→ **Material for the task**:
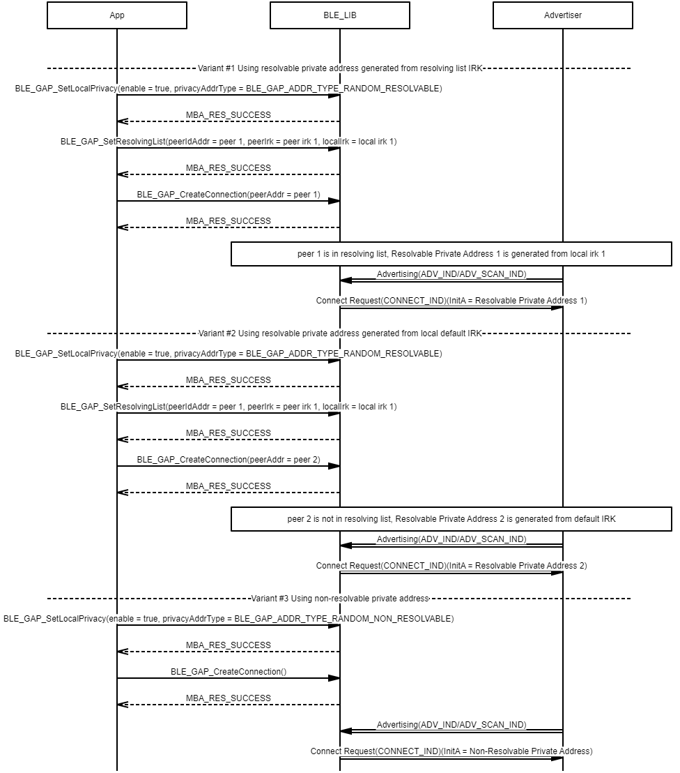 Example demonstrating the use of a resolvable private address generated from a locally stored default IRK in privacy advertising procedures
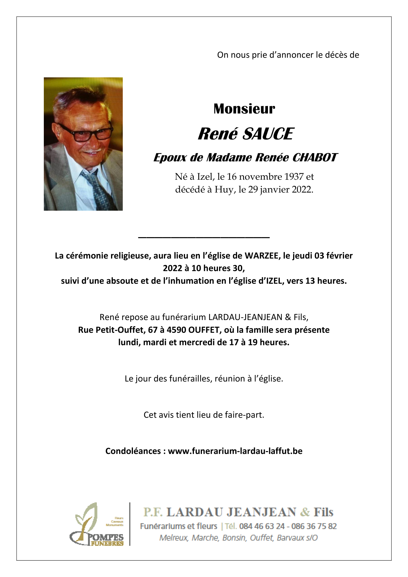 Décédé à Huy (4500) le samedi 29 janvier 2022 à l'âge de 84 ans
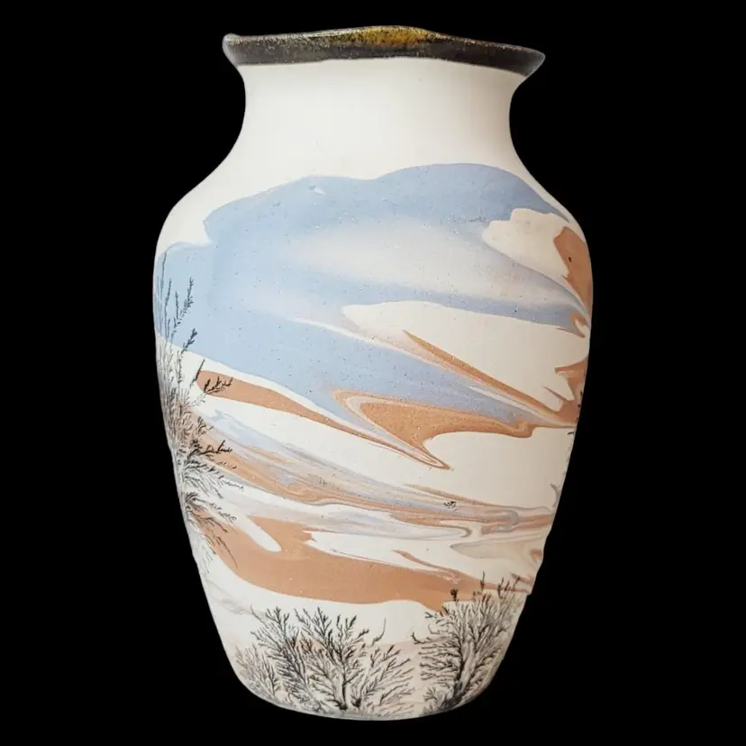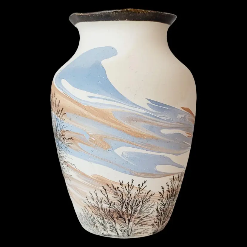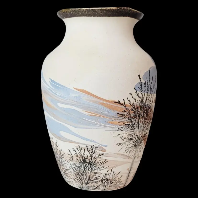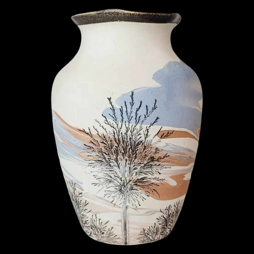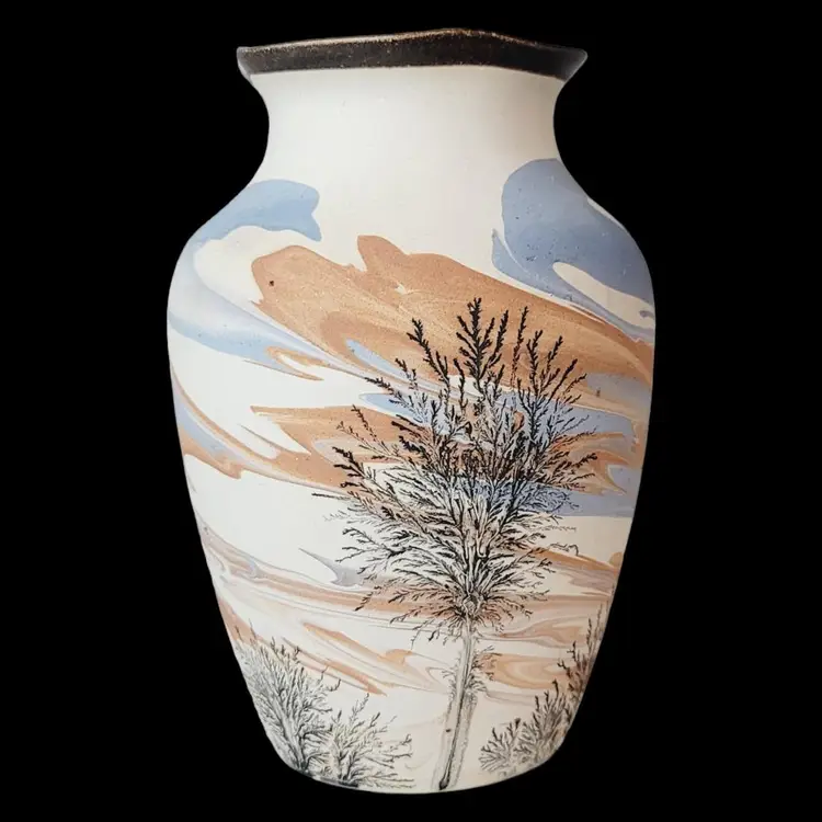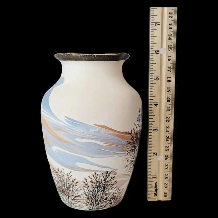 Vintage Sevierville Pottery Tennessee Hand Painted Trees Swirl Vase 6"
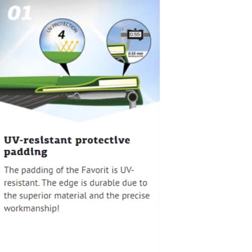 - Long lifespan of the protective edge due to an upper and lower layer of super thick UV resistant PVC
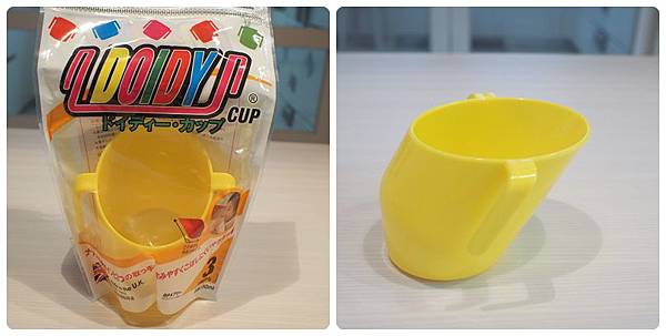當初看到有媽媽推薦這個喝水杯, 當從吸管杯進階到一般的杯子時, 這個傾斜杯可以幫助小人比較容易就喝到水, 所以去年去日本阿卡將時, 就順手帶了一個回來試試, 可以看的出來杯身本身就是斜的, 所以小人只要稍微倒一點杯子就可以喝到水了,
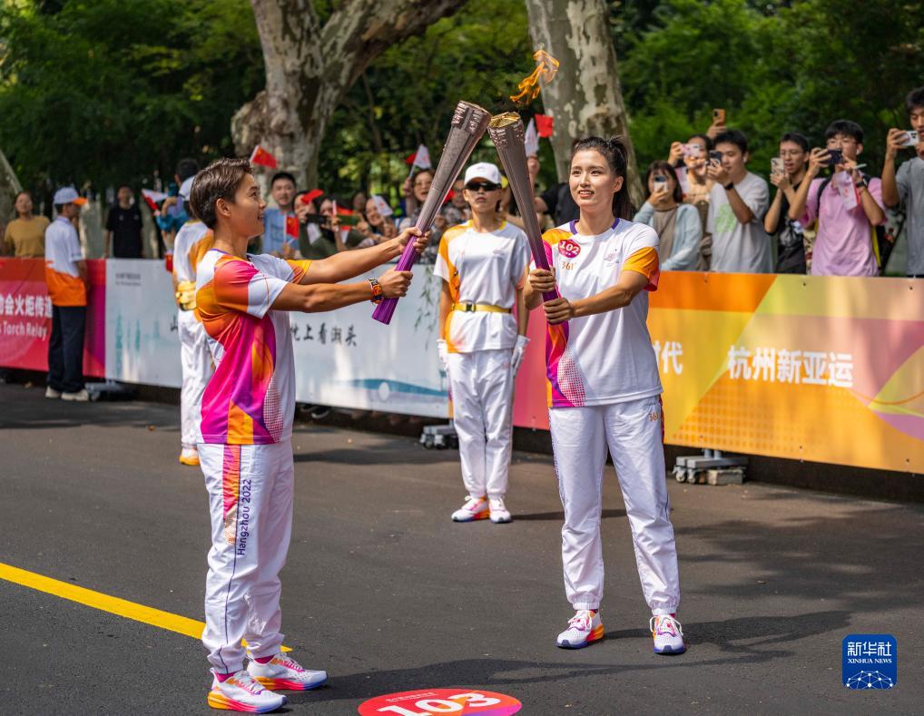 當日,杭州亞運會火炬傳遞在杭州西湖涌金公園廣場啟動,共有106棒火炬手參與當日傳遞。

→ **Activity**: Any picture among the entries must be skipped; copy all else exactly.

→ **Task result**:
 Example demonstrating the use of a resolvable private address generated from a locally stored default IRK in privacy advertising procedures
 Décédé à Huy (4500) le samedi 29 janvier 2022 à l'âge de 84 ans
 Vintage Sevierville Pottery Tennessee Hand Painted Trees Swirl Vase 6"
 - Long lifespan of the protective edge due to an upper and lower layer of super thick UV resistant PVC
當初看到有媽媽推薦這個喝水杯, 當從吸管杯進階到一般的杯子時, 這個傾斜杯可以幫助小人比較容易就喝到水, 所以去年去日本阿卡將時, 就順手帶了一個回來試試, 可以看的出來杯身本身就是斜的, 所以小人只要稍微倒一點杯子就可以喝到水了,
 當日,杭州亞運會火炬傳遞在杭州西湖涌金公園廣場啟動,共有106棒火炬手參與當日傳遞。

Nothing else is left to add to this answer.